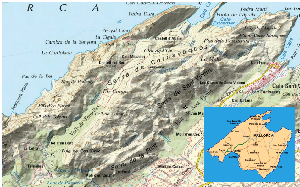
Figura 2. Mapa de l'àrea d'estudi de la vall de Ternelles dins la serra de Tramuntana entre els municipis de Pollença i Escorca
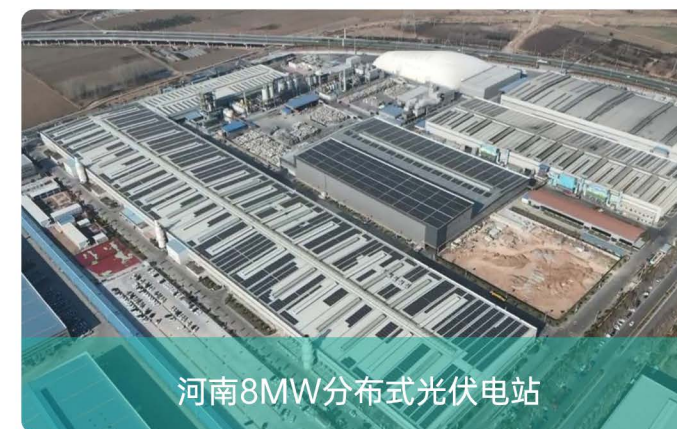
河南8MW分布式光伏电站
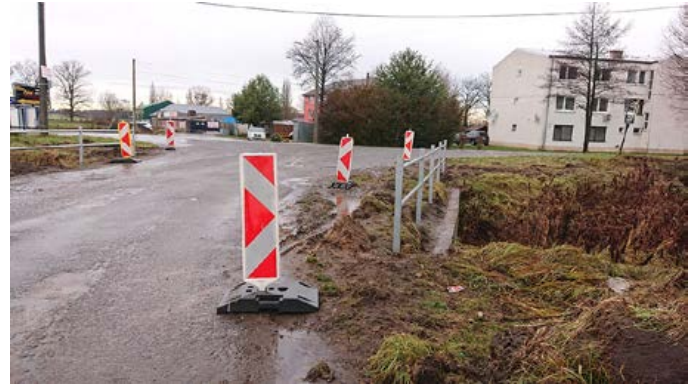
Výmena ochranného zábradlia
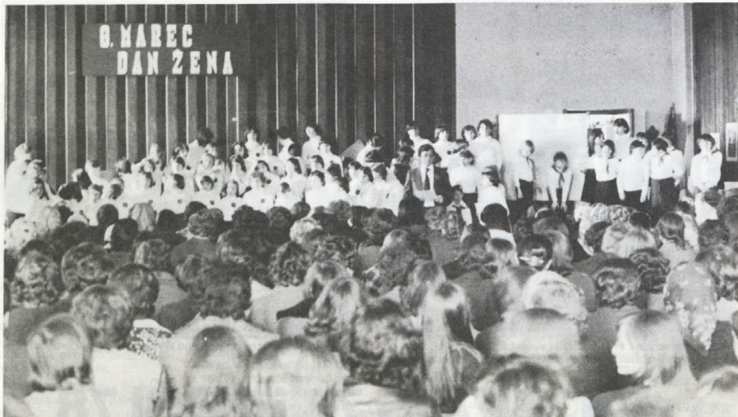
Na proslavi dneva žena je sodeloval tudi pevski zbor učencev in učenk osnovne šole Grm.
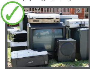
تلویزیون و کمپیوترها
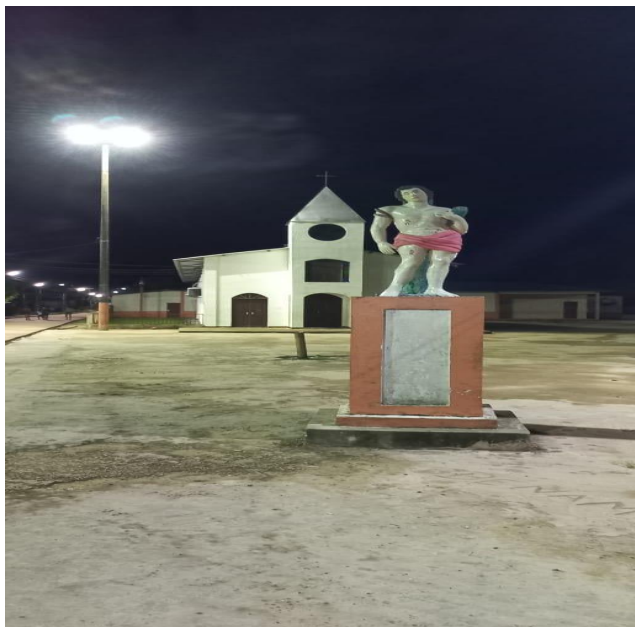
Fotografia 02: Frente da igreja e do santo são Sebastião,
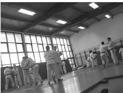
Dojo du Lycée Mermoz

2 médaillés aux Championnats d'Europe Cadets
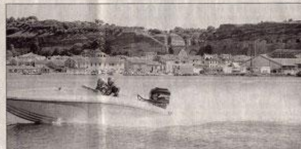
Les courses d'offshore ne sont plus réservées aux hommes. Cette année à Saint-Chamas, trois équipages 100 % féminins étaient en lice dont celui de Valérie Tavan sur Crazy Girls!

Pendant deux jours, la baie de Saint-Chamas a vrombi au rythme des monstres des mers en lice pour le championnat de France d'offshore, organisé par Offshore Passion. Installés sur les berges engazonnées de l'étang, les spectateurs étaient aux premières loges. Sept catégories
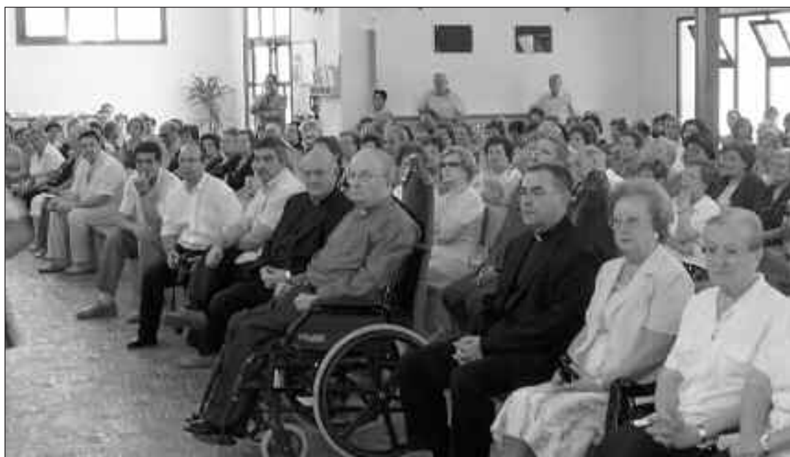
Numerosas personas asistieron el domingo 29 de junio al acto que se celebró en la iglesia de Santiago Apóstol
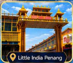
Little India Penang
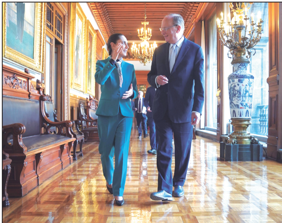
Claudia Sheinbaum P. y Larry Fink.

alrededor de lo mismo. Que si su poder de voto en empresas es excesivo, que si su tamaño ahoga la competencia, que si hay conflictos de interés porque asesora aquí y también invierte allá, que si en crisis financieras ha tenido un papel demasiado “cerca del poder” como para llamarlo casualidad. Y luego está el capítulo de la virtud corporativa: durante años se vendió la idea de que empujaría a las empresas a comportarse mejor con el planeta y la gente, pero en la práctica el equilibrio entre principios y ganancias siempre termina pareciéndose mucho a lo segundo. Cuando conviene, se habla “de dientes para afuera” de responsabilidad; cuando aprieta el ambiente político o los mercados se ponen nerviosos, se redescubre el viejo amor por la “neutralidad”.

· · ·

HOW TO COMPLETE THIS TASK ▸
Find where the line with "Numerosas personas asistieron" sits in the material above and where the line with "Claudia Sheinbaum P. y Larry Fink." sits. Set down exactly the lines from the first to the second, both included and nothing else, without pictures.

RESPONSE BELOW ▸
Numerosas personas asistieron el domingo 29 de junio al acto que se celebró en la iglesia de Santiago Apóstol
Little India Penang
Claudia Sheinbaum P. y Larry Fink.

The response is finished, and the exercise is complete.